» EXERCISE DATA:
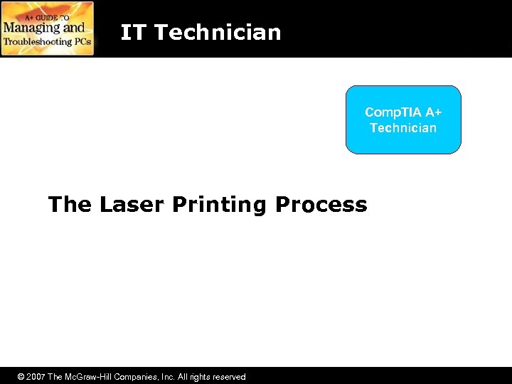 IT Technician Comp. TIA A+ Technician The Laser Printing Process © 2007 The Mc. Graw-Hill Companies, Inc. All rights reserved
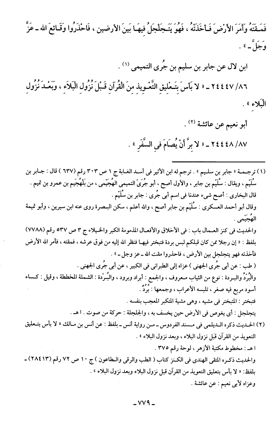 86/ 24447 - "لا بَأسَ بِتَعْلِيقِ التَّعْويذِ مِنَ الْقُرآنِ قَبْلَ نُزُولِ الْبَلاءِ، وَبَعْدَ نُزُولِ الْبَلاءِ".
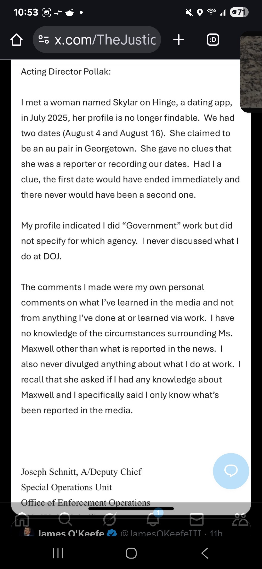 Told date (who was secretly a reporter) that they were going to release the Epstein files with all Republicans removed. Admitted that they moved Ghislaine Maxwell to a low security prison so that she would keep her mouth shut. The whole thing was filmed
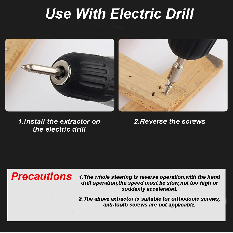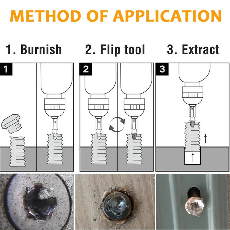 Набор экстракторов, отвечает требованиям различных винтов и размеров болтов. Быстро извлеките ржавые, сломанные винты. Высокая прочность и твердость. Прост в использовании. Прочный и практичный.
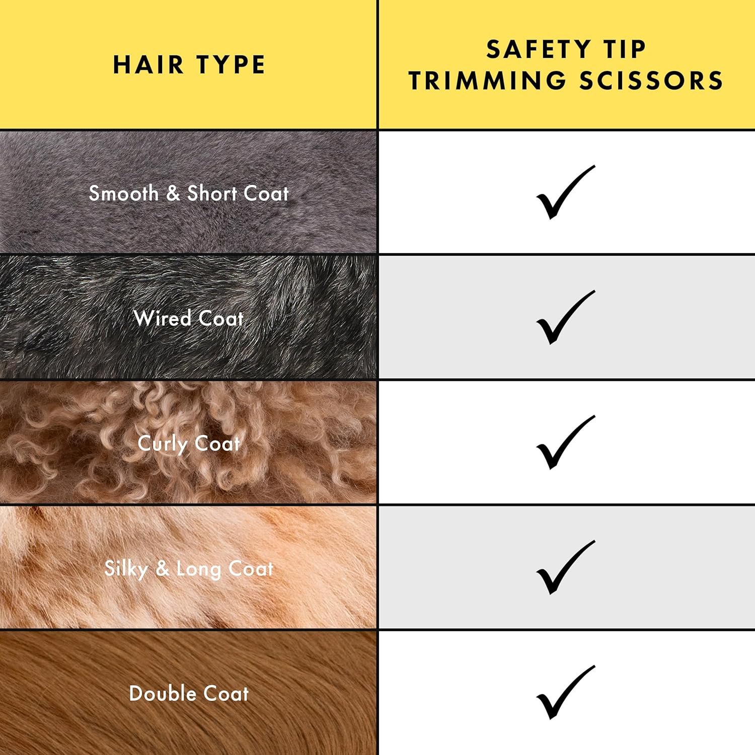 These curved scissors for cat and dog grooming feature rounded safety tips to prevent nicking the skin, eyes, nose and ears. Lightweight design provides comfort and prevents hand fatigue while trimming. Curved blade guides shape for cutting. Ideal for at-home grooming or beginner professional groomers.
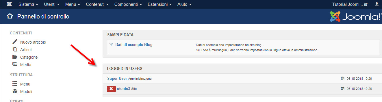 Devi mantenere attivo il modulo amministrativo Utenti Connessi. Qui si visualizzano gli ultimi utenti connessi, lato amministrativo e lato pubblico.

» TASK DIRECTIONS:
Skip every picture, and give the rest of the material above again exactly.

» OUTPUT FOR THIS EXERCISE:
 IT Technician Comp. TIA A+ Technician The Laser Printing Process © 2007 The Mc. Graw-Hill Companies, Inc. All rights reserved
 86/ 24447 - "لا بَأسَ بِتَعْلِيقِ التَّعْويذِ مِنَ الْقُرآنِ قَبْلَ نُزُولِ الْبَلاءِ، وَبَعْدَ نُزُولِ الْبَلاءِ".
 Told date (who was secretly a reporter) that they were going to release the Epstein files with all Republicans removed. Admitted that they moved Ghislaine Maxwell to a low security prison so that she would keep her mouth shut. The whole thing was filmed
 Набор экстракторов, отвечает требованиям различных винтов и размеров болтов. Быстро извлеките ржавые, сломанные винты. Высокая прочность и твердость. Прост в использовании. Прочный и практичный.
 These curved scissors for cat and dog grooming feature rounded safety tips to prevent nicking the skin, eyes, nose and ears. Lightweight design provides comfort and prevents hand fatigue while trimming. Curved blade guides shape for cutting. Ideal for at-home grooming or beginner professional groomers.
 Devi mantenere attivo il modulo amministrativo Utenti Connessi. Qui si visualizzano gli ultimi utenti connessi, lato amministrativo e lato pubblico.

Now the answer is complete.